----- DATASET EXTRACT -----

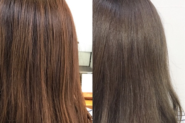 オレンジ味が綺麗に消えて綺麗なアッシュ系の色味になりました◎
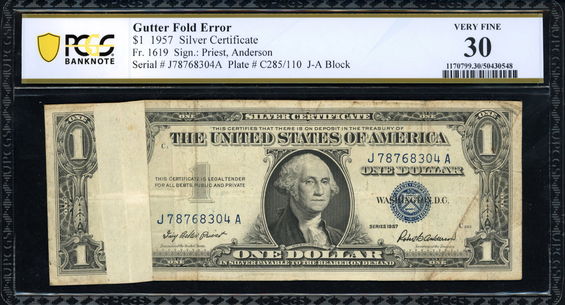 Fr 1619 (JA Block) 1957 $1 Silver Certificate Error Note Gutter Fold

-----
----- DATASET EXTRACT -----

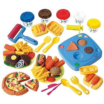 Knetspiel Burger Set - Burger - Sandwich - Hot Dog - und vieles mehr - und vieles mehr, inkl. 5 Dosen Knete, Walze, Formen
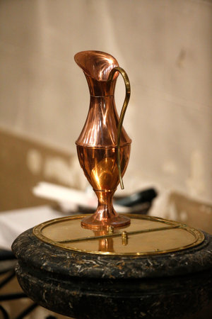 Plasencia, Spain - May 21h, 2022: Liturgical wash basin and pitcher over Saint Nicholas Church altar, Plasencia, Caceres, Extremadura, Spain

-----

### YOUR OBJECTIVE
Repeat exactly, and only, the entries from the line with "Knetspiel Burger Set" through the line with "Plasencia, Spain - May". Pictures are skipped.

### EXERCISE RESULT
 Knetspiel Burger Set - Burger - Sandwich - Hot Dog - und vieles mehr - und vieles mehr, inkl. 5 Dosen Knete, Walze, Formen
 Plasencia, Spain - May 21h, 2022: Liturgical wash basin and pitcher over Saint Nicholas Church altar, Plasencia, Caceres, Extremadura, Spain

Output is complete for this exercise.